🤖 AI Summary
This study addresses the limited field of view in conventional color fundus photography for automated screening of diabetic retinopathy (DR) and diabetic macular edema (DME) by systematically evaluating Vision Transformers (ViTs) and foundation models on ultra-widefield (UWF) retinal imaging for the first time. The authors propose a feature-level fusion strategy that integrates spatial-domain (RGB) and frequency-domain representations, enhanced with Grad-CAM to improve model interpretability. The approach demonstrates consistently strong performance across three critical tasks: image quality assessment, referable DR detection, and DME identification. Extensive experiments on the UWF4DR Challenge dataset validate the method’s effectiveness and competitiveness, highlighting the innovative potential of frequency-domain modeling and advanced deep learning architectures in UWF-based retinal analysis.
📝 Abstract
Diabetic retinopathy (DR) and diabetic macular edema (DME) are leading causes of preventable blindness among working-age adults.
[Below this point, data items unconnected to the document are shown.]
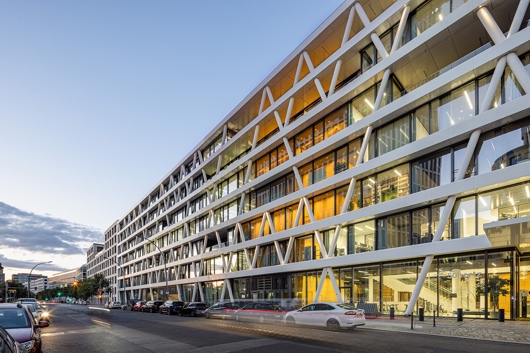 50hertz is located in the center of Berlin, in the immediate vicinity of the main train station, adjacent to the government district, which includes the Reichstag and the Federal Chancellery. The first building section was completed in record time, back in 2016, by around 680 employees. This work received numerous awards and prizes, and it is acknowledged as a reference icon when it comes to informal and communication-oriented workplace concepts with a strong identification factor. At the beginning of 2023, construction of phase 02 started for another 400 employees.
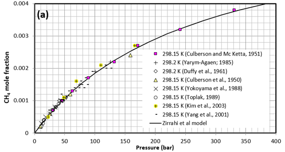 - Zirrahi, M., Azin, R., Hassanzadeh, H., Moshfeghian, M. “Mutual solubility of CH4, CO2, H2S, and their mixtures in brine under subsurface disposal conditions,” Fluid Phase Equilibria, Fluid Phase Equilibria 324, 80–93. 2012
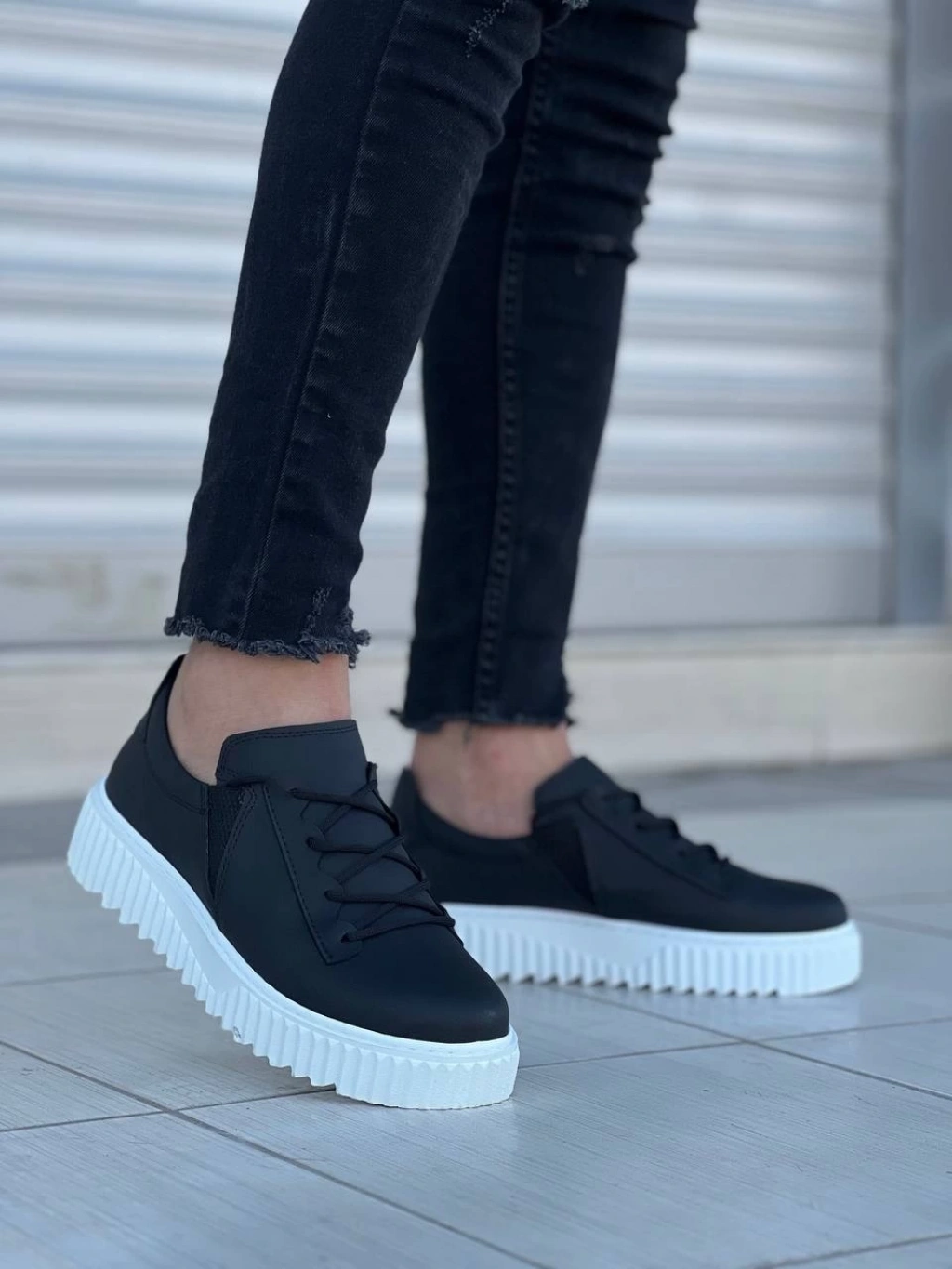 BİÇOMİ KB-X502 Kuback Siyah Cilt Yüksek Beyaz Taban Bağcık Detaylı Lastikli Günlük Erkek Ayakkabı
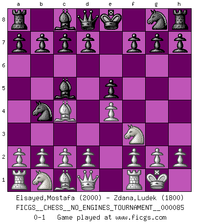 Last move : 0-1 2016 July 9 13:5:46 [Event "FICGS__CHESS__NO_ENGINES_TOURNAMENT__000085"] [Site "FICGS"] [Date "2016.04.17"] [Round "1"] [White "Elsayed,Mostafa"] [Black "Zdana,Ludek"] [Result "0-1"] [WhiteElo "2000"] [BlackElo "1800"] 1.e4 e5 2.Nf3 Nc6 3.Bc4 Nb4 4.O-O Bc5 0-1 This chess game has been lost on time (started : 2016.04.17 12:18:19) King's pawn game Kingside Castling by player White (move 4) Player Black won this chess game. Follow this game move after move (download)Chess is no whit inferior to the violin, and we have a large number of professional violinists. (Mikhail Botvinnik) Gewöhnliche Menschen denken nur daran, wie sie ihre Zeit verbringen. Ein intelligenter Mensch versucht, sie auszunutzen. (Arthur Schopenhauer) En un gambito tu regalas un Peón por el bién de tomar un juego perdido. (Samuel Standige Boden) Celui qui prend des risques peut perdre, celui qui n'en prend pas perd toujours. (Xavier Tartacover) However beautiful the strategy, you should occasionally look at the results. (Winston Churchill)
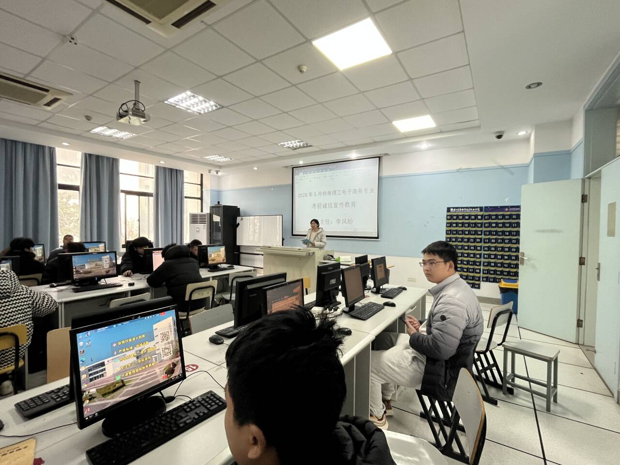 活动中,各班主任老师分别深入2025级网络与新媒体专业、2024级电子商务专业班级,通过线上线下相结合的方式,向参加1月份考试的同学们详细讲解了考试纪律的重要性。近年来,教育部对考试违纪行为的处理力度不断加大,一旦发现作弊行为,将严肃处理并计入学生的诚信档案。
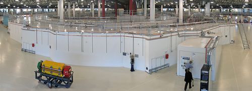 داخل منشأة السنكروترون الأسترالي. حلقة تخزين تهيمن على الصورة، تـُظهـِر optical diagnostic beamline at front right. In the middle of the storage ring is the booster synchrotron and linac
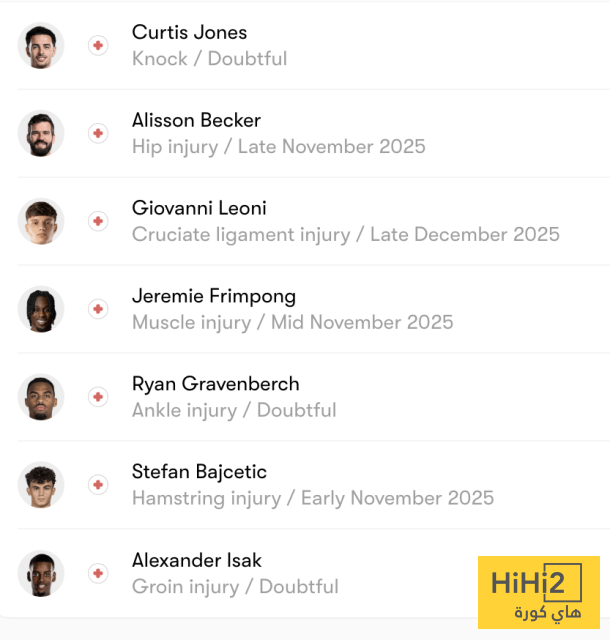 وسيدخل أرني سلوت المباراة بتشكيلة ينقصها الكثير من العناصر الهامة في مختلف المراكز مثل أليسون بيكر ، وكورتيس جونز ، وألكساندر إيزاك .
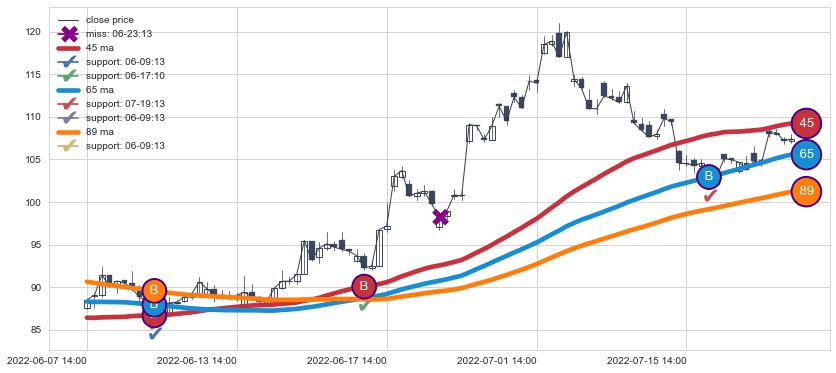 上涨趋势06-07 14:00-07-26 14:00,均线89, 65, 45确认关键支撑3处
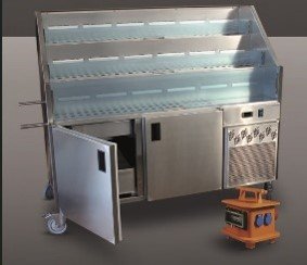 Zachováme 2 ze 3 prezentačních stolů z minulých let (foto viz níže). Místo třetího stolu vybavíme stánek chladícími zařízeními (typ-viz níže, design upravíme) pro prezentaci v rámci Free Tasting Zone (FTZ).
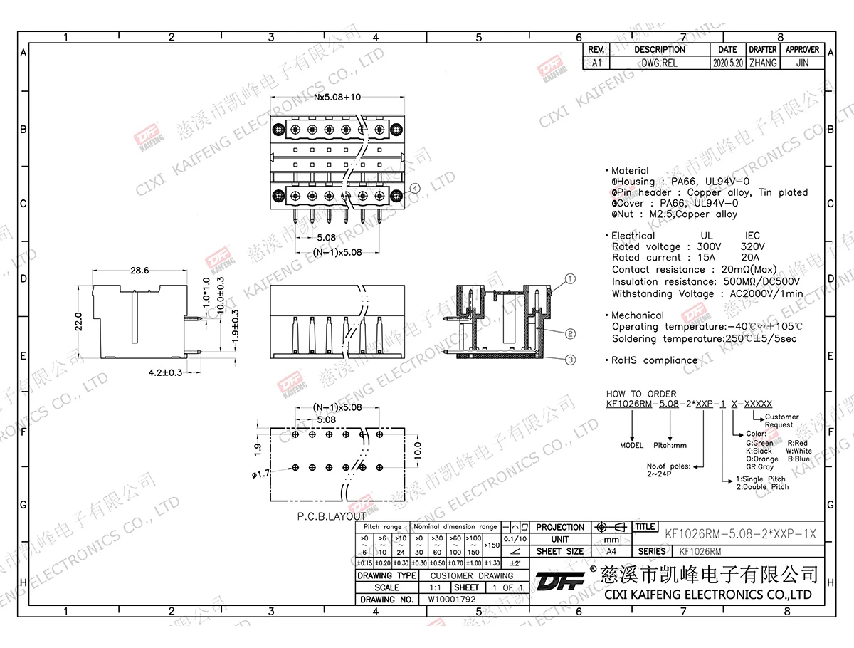 MATERIAL:MATERIALScrews: -contact: -Pin header: Brass, Tin platedHousing: PA66,UL94V-0ElectricalULIECRated voltage300V 320V Rated current15A20AContact resistance20mΩInsulation resistance500MΩ/DC500VWithstanding voltage AC2000V/1minWire range-MechanicalTemp.rang-40℃~+105℃ Max.soldering+250℃, 5secTorque-Strip length-
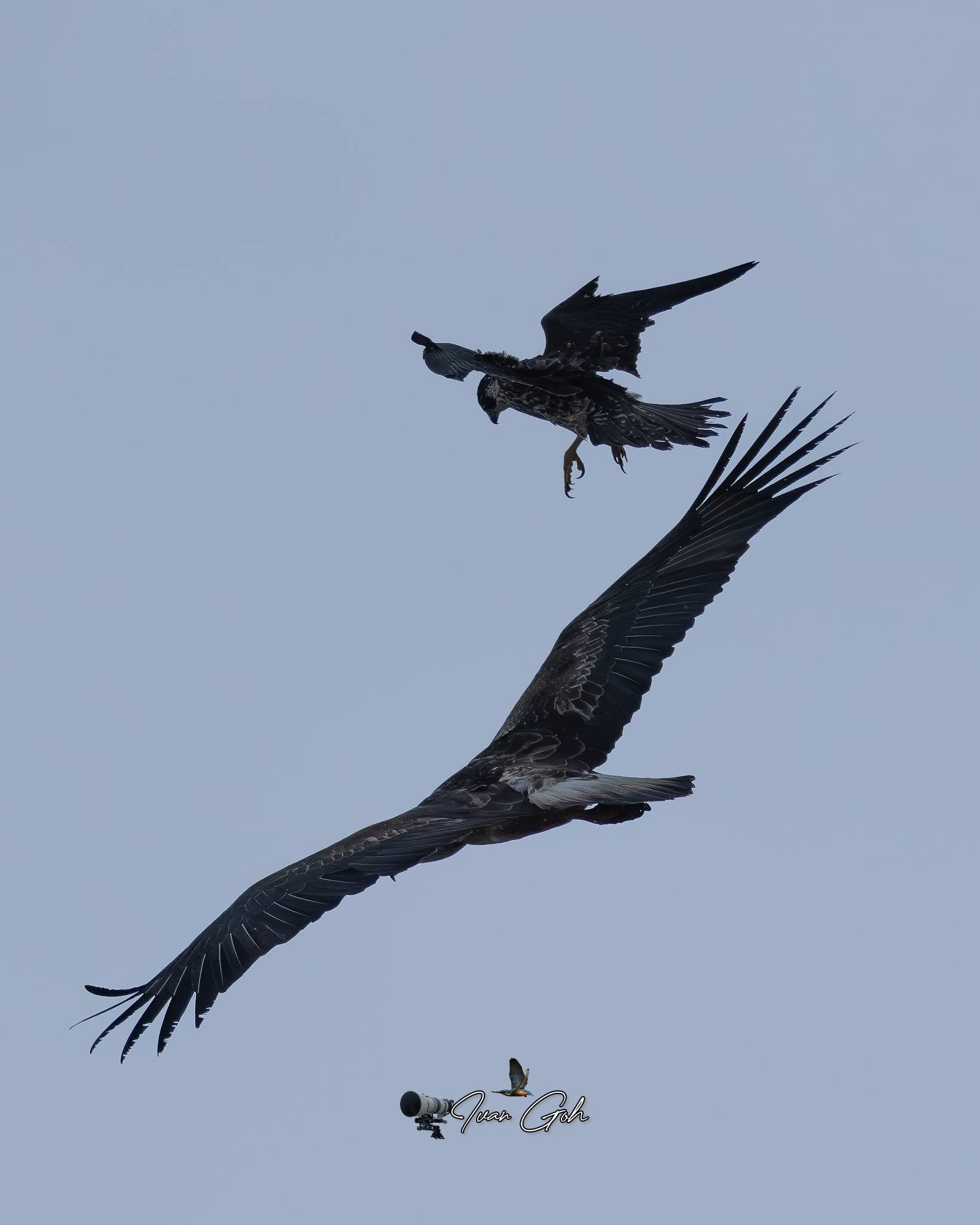 “The peregrine falcon suddenly wanted to claim that this is its ‘no-fly-zone’ territory, and it started to attack the eagles,” he said.
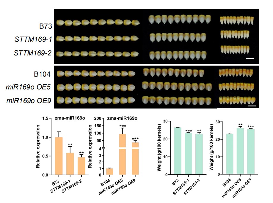 图注:miR169o正调控玉米籽粒大小和粒重
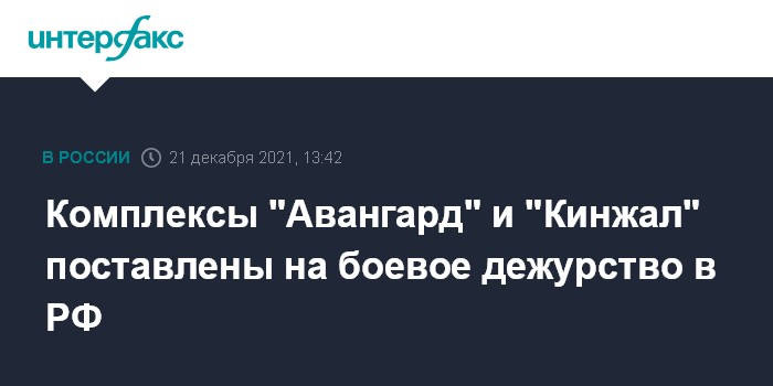 Москва. 21 декабря. INTERFAX.RU - Комплексы "Авангард" и "Кинжал" поставлены на боевое дежурство, заявил президент РФ Владимир Путин.
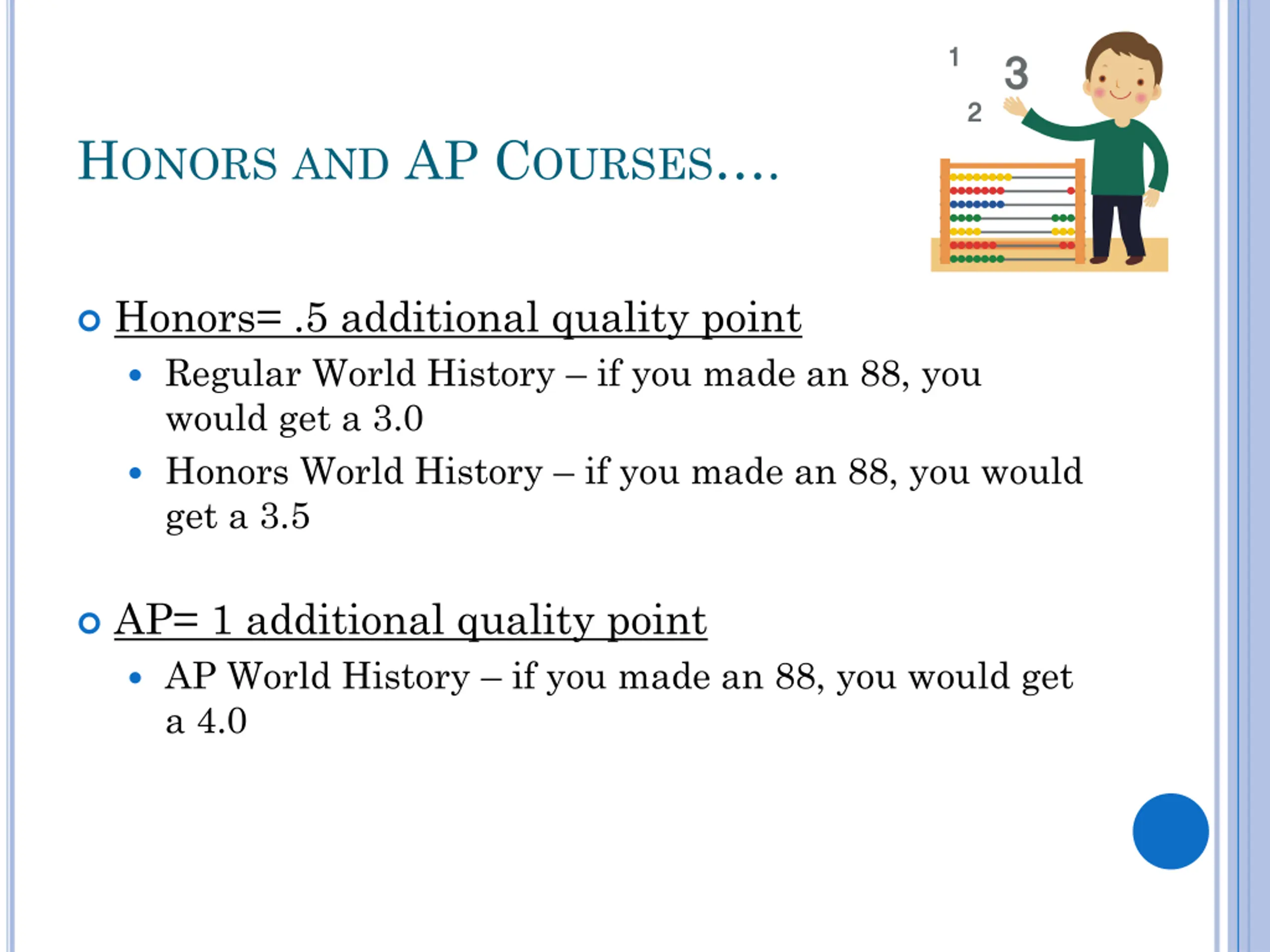 HONORS AND AP COURSES. Honors= .5 additional quality point Regular World History if you made an 88, you would get a 3.0 Honors World History if you made an 88, you would get a 3.5 AP= 1 additional quality point AP World History if you made an 88, you would get a 4.0

Traditional approaches in the literature focus on standard color fundus photography (CFP) for the detection of these conditions. Nevertheless, recent ultra-widefield imaging (UWF) offers a significantly wider field of view in comparison to CFP. Motivated by this, the present study explores state-of-the-art deep learning (DL) methods and UWF imaging on three clinically relevant tasks: i) image quality assessment for UWF, ii) identification of referable diabetic retinopathy (RDR), and iii) identification of DME. Using the publicly available UWF4DR Challenge dataset, released as part of the MICCAI 2024 conference, we benchmark DL models in the spatial (RGB) and frequency domains, including popular convolutional neural networks (CNNs) as well as recent vision transformers (ViTs) and foundation models. In addition, we explore a final feature-level fusion to increase robustness. Finally, we also analyze the decisions of the DL models using Grad-CAM, increasing the explainability. Our proposal achieves consistently strong performance across all architectures, underscoring the competitiveness of emerging ViTs and foundation models and the promise of feature-level fusion and frequency-domain representations for UWF analysis.